Kritik Publik terhadap Narasi Seremonial
Sementara itu, masyarakat menyampaikan kritik terhadap pemaknaan perjuangan yang bersifat simbolik. Banyak pihak menilai negara terlalu sering menekankan seremoni.
Oleh sebab itu, akademisi dan aktivis menuntut keteladanan nyata. Mereka mendorong integritas dalam penegakan hukum dan kebijakan publik. Tanpa langkah tersebut, makna perjuangan di era modern berisiko kehilangan substansi.
Dampak Sosial yang Dirasakan Masyarakat
Pada praktiknya, krisis nilai berdampak langsung pada kehidupan sosial. Misalnya, hoaks memicu konflik. Selain itu, ketimpangan ekonomi memperlebar jarak kesejahteraan. Akibat lanjutan, kepercayaan publik terus menurun.
Data Badan Pusat Statistik menunjukkan tantangan serius dalam kualitas pendidikan dan sosial masyarakat (https://www.bps.go.id). Oleh karena itu, situasi ini menuntut respons kolektif.
Peran Generasi Muda dalam Perjuangan Baru
Di tengah kondisi tersebut, generasi muda berada di garis depan perubahan. Mereka menguasai teknologi dan ruang digital. Namun demikian, sebagian masih menghadapi krisis identitas kebangsaan.
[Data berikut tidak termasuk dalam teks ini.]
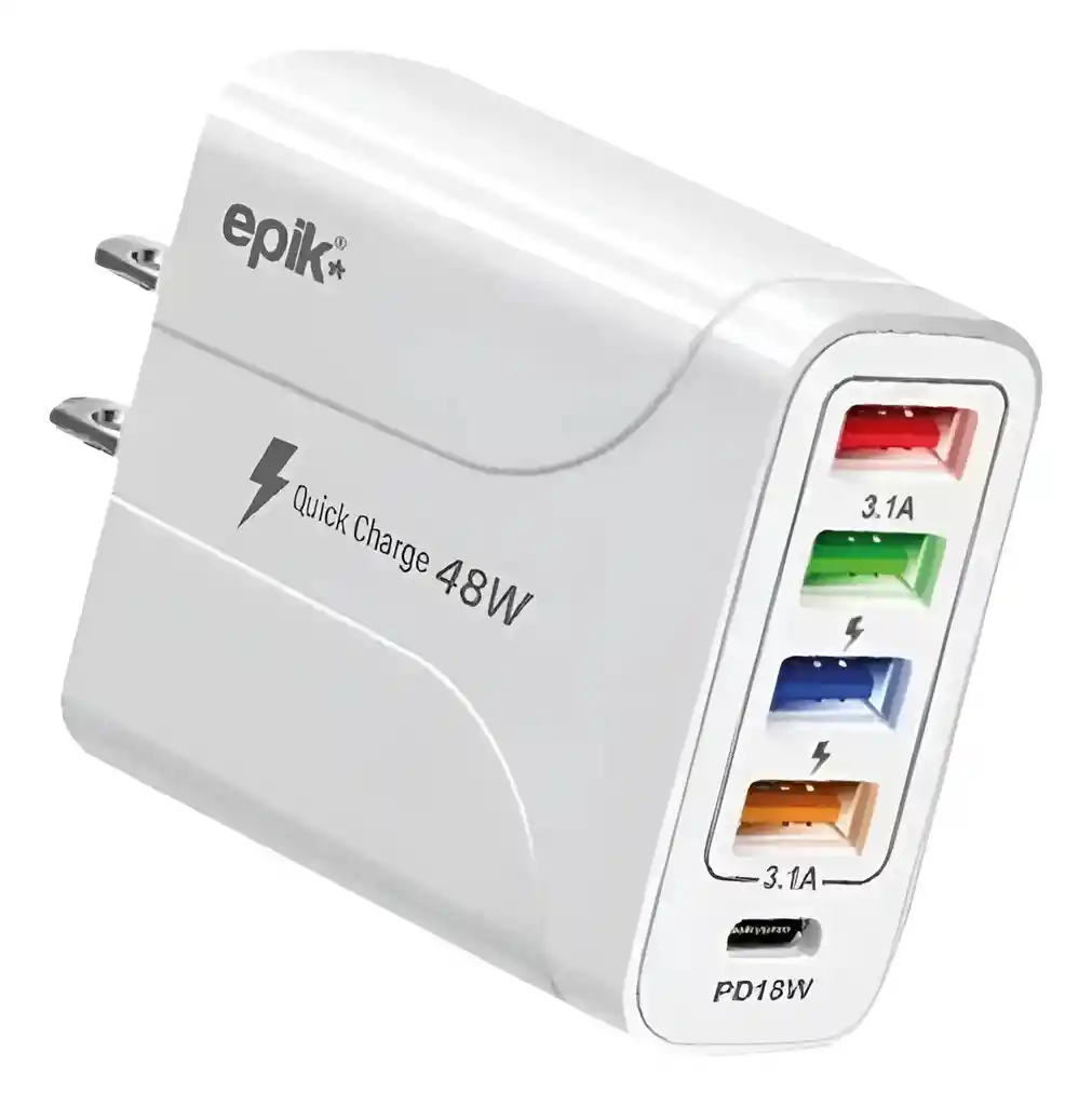 Cargador Pared Además de ofrecer una carga rápida y eficiente para tus dispositivos, este cargador de pared con puerto USB Tipo C te brinda la versatilidad necesaria para cargar dispositivos modernos que utilizan este tipo de conexión, asegurando que estés siempre conectado y listo para cualquier situación. DESCRIPCION ECK El Cargador de Pared con 4 Puertos USB y 1 Puerto USB Tipo C de 48W ofrece una solución conveniente y eficiente para cargar múltiples dispositivos simultáneamente. Con cuatro puertos USB estándar y un puerto USB Tipo C, este cargador te permite cargar smartphones, tabletas, cámaras y otros dispositivos electrónicos con rapidez y facilidad. Su capacidad de carga rápida de 48W garantiza una carga eficiente incluso para dispositivos de alta potencia. Además, su diseño compacto y portátil lo hace perfecto para viajes, trabajo o uso diario en el hogar u oficina. CARACTERISTICAS Cargador de pared con 4 puertos USB estándar y 1 puerto USB Tipo C. Capacidad de carga rápida de 48W para una carga eficiente. Compatible con una amplia gama de dispositivos electrónicos. Diseño compacto y portátil, ideal para viajes. Protección contra sobrecargas, sobretensiones y cortocircuitos para una carga segura. Indicadores LED que muestran el estado de carga. Tecnología de carga inteligente que proporciona la cantidad óptima de energía según el dispositivo. Construcción duradera y resistente para un uso prolongado. Compatible con estándares de seguridad internacionales. Garantía de calidad y satisfacción del cliente. Medidas: Alto: 5.5cm Ancho: 2.5cm Largo: 6cm Peso: 84g QUE INCLUYE LA COMPRA x1 Cargador Pared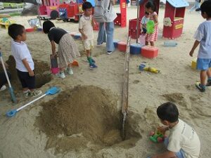 園庭、施設開放日でした。少し涼しかったので外で遊ぶお友達もたくさんいました。

Peran strategis anak muda dibahas dalam artikel Peran Generasi Muda dalam Menjaga Nilai Kebangsaan (/peran-generasi-muda-nilai-kebangsaan). Dengan kata lain, kesadaran sejarah dan tanggung jawab sosial menjadi kunci.
Menjaga Makna Perjuangan di Era Modern
Pada akhirnya, pengamat menilai perjuangan masa kini menuntut konsistensi. Kejujuran dalam profesi dan kepedulian sosial menjadi bentuk nyata mempertahankan kemerdekaan.
Memang, bangsa ini memiliki banyak orang cerdas. Akan tetapi, bangsa ini masih membutuhkan lebih banyak warga berintegritas agar makna perjuangan di era modern tetap hidup.
Singkatnya, kemerdekaan bukan titik akhir perjuangan. Sebaliknya, ia merupakan proses yang harus dirawat setiap hari. Makna perjuangan di era modern hadir melalui tindakan nyata yang menjaga martabat bangsa dan solidaritas sosial.